# @Jeff:  Will you add the forum extention to embed Youtube vids?



## mythmaster (Apr 16, 2010)

I think that being able to embed Youtube videos in our posts would be very convenient.  I've seen many helpful links to Youtube since I've been here, and it would be great to watch them right in the thread.

I know that such a forum mod exists, because I've seen it at avsforum, and I'm pretty sure that they use the same forum software.  Here's an example.

I don't know if it would cost you, but I'm willing to pitch in if it does.

I think that many other members would like to see this, too, so I hope that you'll consider it.

Thanks again for an awesome site!
-Bret


----------



## mythmaster (Apr 16, 2010)

If anyone else would like to see this feature added, then please post something here to show your support.

Thank you!
-Bret


----------



## Bearcarver (Apr 16, 2010)

Don't we drool on our keyboards enough??
	

	
	
		
		



		
			






Getting tire of the wife complaining about the slippery keys!

Bearcarver

Just kidding


----------



## mythmaster (Apr 16, 2010)

+1 from *Bearcarver*, lol!


----------



## mythmaster (Apr 16, 2010)

Really?  Am I the only person here that thinks this is a good idea?

Wow.


----------



## meateater (Apr 16, 2010)

Myself I don't mind seeing Mega YouTube foot the bill.


----------



## ddave (Apr 16, 2010)

I don't think it costs anything but I think some admins consider enabling the HTML embedding like that a security issue.  That may be a question for Brian to address.

I belong to another forum that has that feature but it is limited to one sectioin of the forum.

Dave


----------



## eaglewing (Apr 16, 2010)

Browse: Home / vBulletin  / vBulletin Security Tips – Part II

*vBulletin  Security Tips – Part II*

By Shadab  on June 29, 2009
  This is Part 2 of the "vBulletin Security Tips" article. If you  haven't read the first part of this article, read it here: vBulletin  Security Tips - Part I

*HTML in Posts*

 13. Never ever allow users to post raw HTML anywhere on your Forum.  Since vBulletin lacks the functionality to enable or disable raw HTML  input on a per-usergroup basis, it's better to keep this feature  disabled.
While adding or editing forums and  sub-forums via the "Forum Manager", just make sure that the *Allow  HTML* setting under the *Enable / Disable Features*  section is set to *No*.
Similarly, while adding or editing usergroups via the "Usergroup  manager", make sure that the *Allow HTML* setting under  the *Signature Permissions* section is set to *No*,  too.
_(Not to be confused with the 'Allow HTML BB Code' setting; which  can be safely enabled.)_


----------



## mythmaster (Apr 16, 2010)

Yeah, I can see how it might be considered to be a security risk if it were abused (like I'm doing over here, but they know about it, lol).  But wouldn't that be easier to spot for the moderators?  I mean, think about it.  They actually have to read my post to see if I'm calling somebody a homo, but a Youtube video would be quite blatant.

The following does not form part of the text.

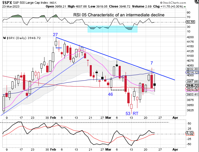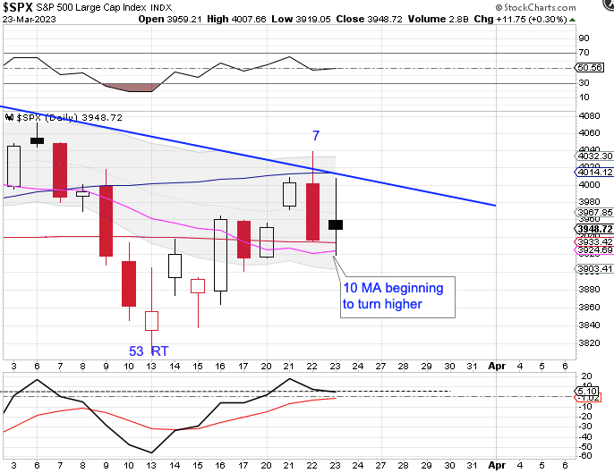 It appears that stocks did “enough” to label day 53 as the DCL. Stocks closed above the 200 day MA and the 10 day MA as it rallied out of the day 53 low. Stocks broke the declining trend line.

I still think that it's a good idea.

P.S., Something accidentally changed my font, but I like it.


----------



## eaglewing (Apr 16, 2010)

Also you can take a peek here for this same request and the ongoing replies...

http://www.theadminzone.com/forums/s...ad.php?t=24296

*I just think it is simply not a good idea, however you CAN get a MEDIA BBCODE that will allow it but that has to be gotten from Vbulletin and installed as a MOD...

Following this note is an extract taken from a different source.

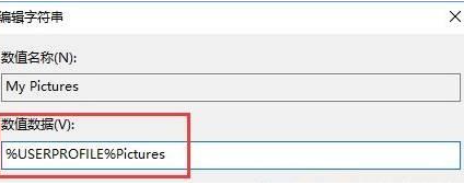 3、双击打开右侧的“My Pictures”,将数值数据修改为:%USERPROFILE%Pictures ,点击确定重置截图保存路径即可。

It is a RISK BECAUSE, **People can mess up the board layout, hijack the visitors using javascript, make the site appear different..Etc *


----------



## TulsaJeff (Apr 16, 2010)

I think it would be great but vbulletin does have some security issues. I just have to trust Brian on these things.

Brian?? Any thought?


----------



## mythmaster (Apr 16, 2010)

Note that the youtube and youtubehd tags are *NOT* html.  You simply put the video ID inside of the youtube or youtubehd tags and then the video is embedded in the post.

For example, this would be the BBCode for this video:


----------



## bmudd14474 (Apr 16, 2010)

This is something that is coming. It may take 30-60 days but it is something that will happen.


----------



## mythmaster (Apr 17, 2010)

That's awesome, thank you!


----------



## wingman (Apr 17, 2010)

I contacted the moderators requesting this feature a month ago. I was informed they are working on it. I belong to many forums using it and it's great for the forum because it keeps the users in the forum instead of them clicking a link that takes them away from the forum. When they are taken away they may find interest there and not return for a while. embeded video will keep em here in the thin blue smoke. 

Bottom line, embeded BBQ videos will only add to great content within these walls.


----------



## bcfishman (Apr 17, 2010)

Kudos to Jeff and Brian for their attention to this thread.

Seeing progression on a site is an awesome thing.

It's good to see the dues going to great use and user input being addressed.

Thanks again.


----------